Alerts and notifications
Once you have done all the previous steps, you want to be able to send alerts and notifications to yourself or your team, so that when something does go wrong, someone is out there looking out for it.
Continuous re-evaluation and fine tuning
The first eight steps are things you do, and then you just keep doing them every day until you figure out: “Okay, this is working well, this isn’t doing what I wanted to do.” Observability is a never-ending journey. You start it, figure out something works, and you find out all the ways that it doesn’t work, and what you can do better.
Best practices and updates
As much as we’d love for our systems to be future-proof, they never are. New things come up, change, and maybe you find out that the software you’re using has new updates and you haven’t updated in six years. You have to keep up with it.

Tools for Kubernetes observability

Mofi: We are inundated with choices [of tools.] We have so many choices. All of the tools that I’m showing you are taken from the Cloud Native Computing Foundation (CNCF) landscape. TheCNCF landscape probably covers 70% of all tools that exist. But there are tools that are outside the world of CNCF. Because we’re talking about Kubernetes, CNCF is probably a good place for us to start. Again, if you want to break down the tools in multiple parts, you’re probably looking at something like open source: There, you have CNCF projects, member projects, and non-CNCF member projects, and then you have proprietary.

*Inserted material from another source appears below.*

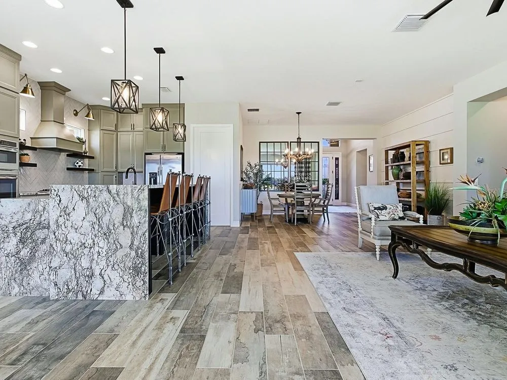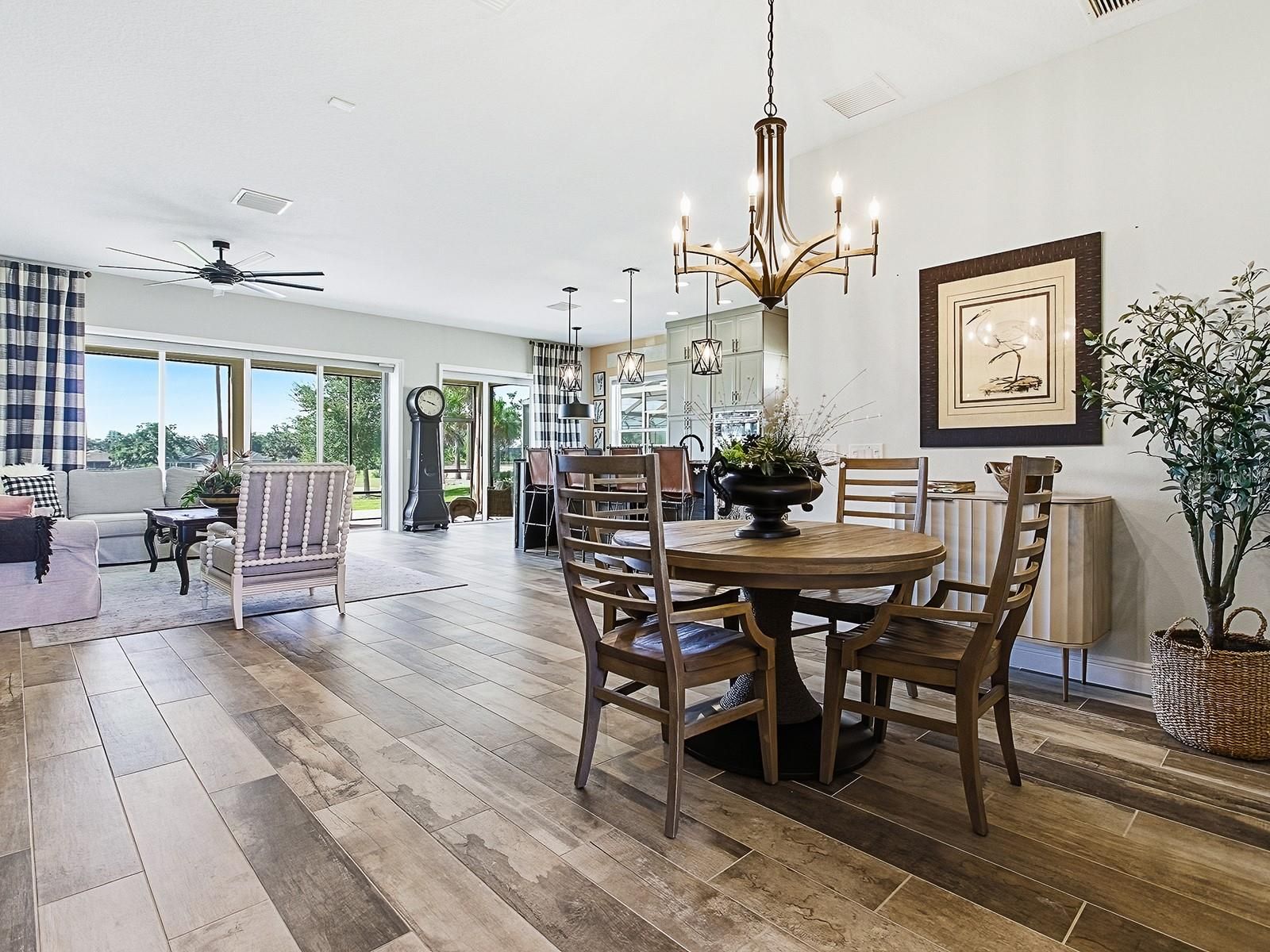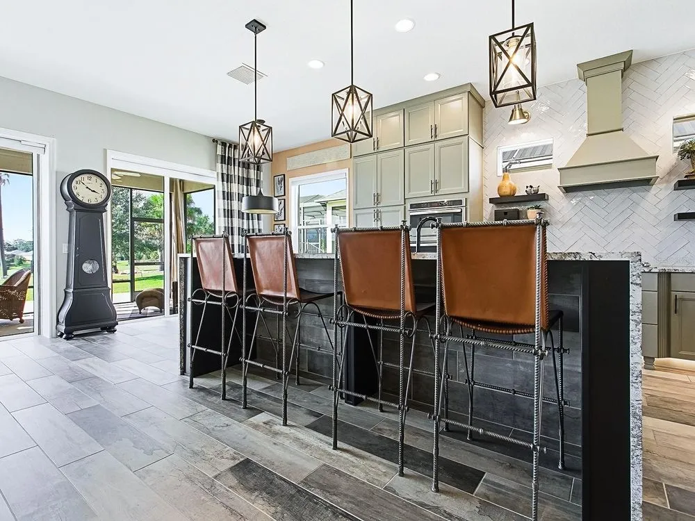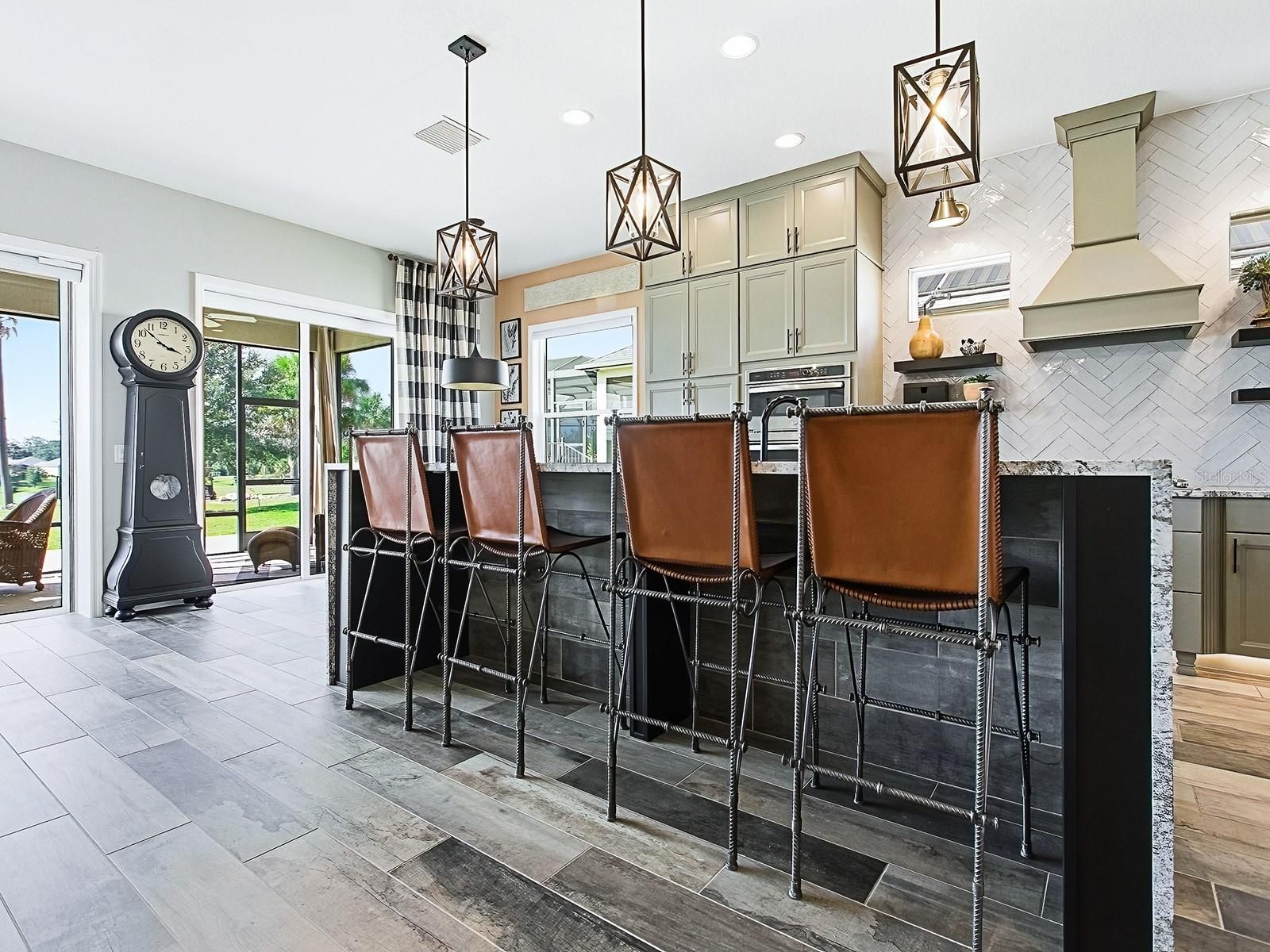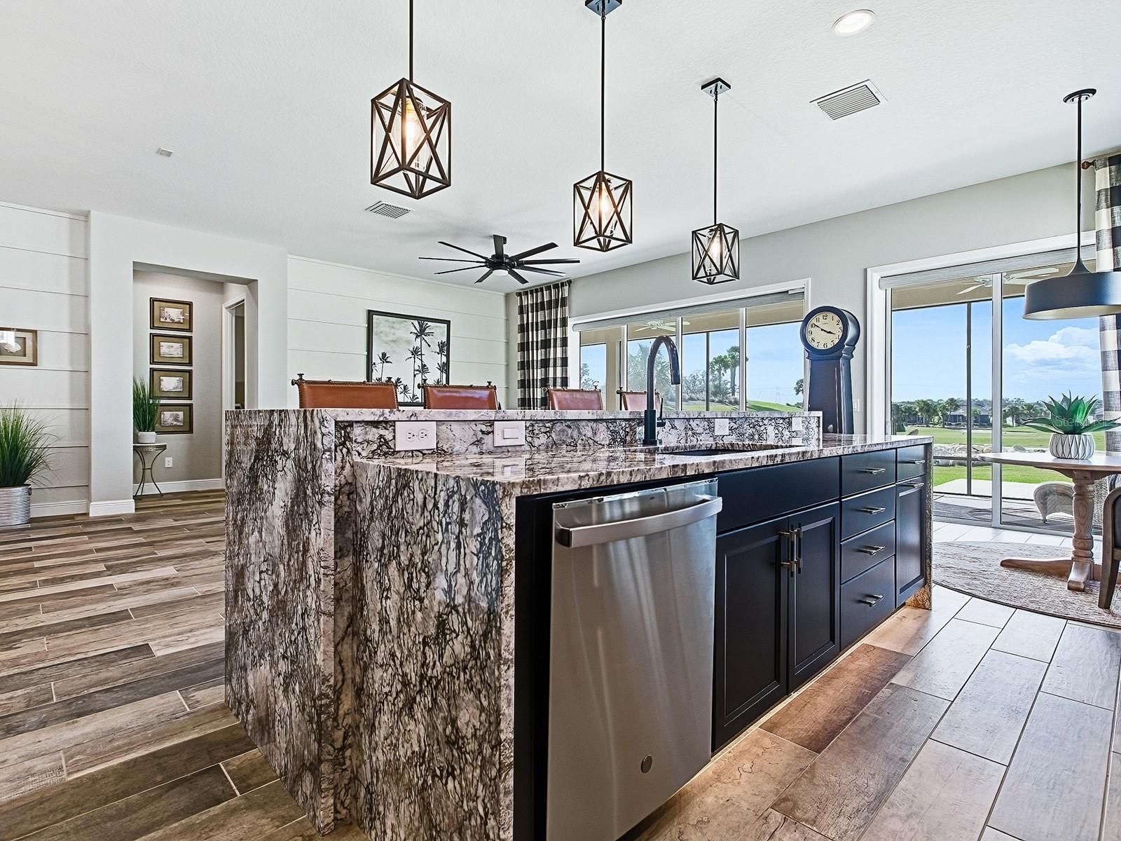 SPECTACULAR GOLF COURSE and WATER VIEW on this CUSTOM “10” HOME COMPARABLE to the EGRET PREMIER plan offering 10 ft. CEILINGS and 8 ft DOORS throughout! Located in the popular enclave known as “Little DeLuna” surrounded with beautiful premier and designer homes and positioned on hole 4 of the Lowlands Executive Golf Course with plenty of room for a POOL! This LOVELY home has so much to offer from the STUNNING LEADED GLASS front door with sidelites to the 12 x 46 lanai encompassing the entire width of the home accessible through STACKABLE SLIDING GLASS DOORS! WOOD LOOK PORCELAIN TILE flooring runs throughout the home. The amazing kitchen has mossy gray cabinetry, a unique but very neutral color, enhanced with an impressive matte black and champagne bronze hardware. Other kitchen features include custom windows offering more natural lighting, HERRINGBONE-GLAZED tile backsplash, WATERFALL GRANITE island, GAS COOKTOP with vent hood, and DOUBLE OVENS. Impeccable features throughout includes custom ARCHITECTURAL walls, exceptional enhanced lighting, remote controlled blinds, granite in both baths, solar tube, and the list goes on. The spacious 745 sf garage with golf cart garage has a ceiling fan, epoxy flooring, and plenty of room for all your needs! Located minutes away from Hogeye Preserve walking path, Water Lily Recreation Center, Everglades Recreation Center, Magnolia Plaza, Ednas on the Green, Brownwood Square, Sawgrass and Eastport! This truly is a great location! THIS IS AN AMAZING HOME WITH ONE OF THE BESTS VIEWS YOU’LL FIND IN THE VILLAGES!

Proprietary would be the tools that both [Paige and I] work in. Kubernetes is open source, but GKE is a managed version of it. We have our own logging and monitoring suite called Operations Suite. Chronosphere is also a vendor that provides proprietary solutions for that kind of stuff. But, let’s look at some of the open source tools. These are sorted by GitHub stars. The first one has the most number of GitHub stars at about 62,000, and we have all the way down to 400 GitHub stars. These are all projects that exist in the space.

A few months ago, I actually tried out half of them to just experiment how they are … Some of them have really nice UI, some of them have nice collectors. But generally, they get the job done. If you want to invest the time and energy to figure it out, you can do really great things with most of these tools.

Continue this part of the conversation at minute 16:32.

The world of proprietary monitoring tools

Mofi: Then, you have the world of not open source. This is where both of our companies live: The Google Stack driver and Chronosphere, these are both products that will allow you to do things [in Kubernetes]. All the cloud vendors happen to be [in this category], like Amazon, Azure, Google, and IBM. Then you have specialized tools, again, like Chronosphere, Datadog, New Relic. All of these tools do very specific observability related things. Depending on what you’re looking for, that might be really powerful for your stack.

For open source logging tools, Elastic has the open source version of things, but they also have a managed solution. For tracing tools, again, Honeycomb is doing some really cool stuff. And LightStep, they basically have this kind of managed solution that [is interoperable] with OpenTelemetry now, but I’m not 100% sure. For the cost optimization tools, there are a bunch of them here as well. I think I have seen the most from cast.ai, but the other tools are doing cool things as well.

Choosing the right tool

Paige: When people ask how to choose the right tool, I always say that it depends. [Which is] everybody’s least favorite answer. Today, we are going to talk about the different factors you want to consider, that go into making a choice most beneficial for you. It depends on your use case. There isn’t one way to monitor Kubernetes or do cloud native. It depends on your people, your organization and business goals, the stack that you’ve got running, and a few other things that we will talk about.

One choice you have, or a place that a lot of businesses start at: Open source where you are self-managing it. Sometimes, we call this do-it-yourself (DIY) observability, or in-house observability. This is often a fit. If cost is a major concern. If you do have the team that has scale, bandwidth, and the experience running, operating, hosting, and monitoring [Kubernetes]. You don’t want to make the mistake of putting your Prometheus cluster in the same availability zone as you’re running your applications for production that your customers are using.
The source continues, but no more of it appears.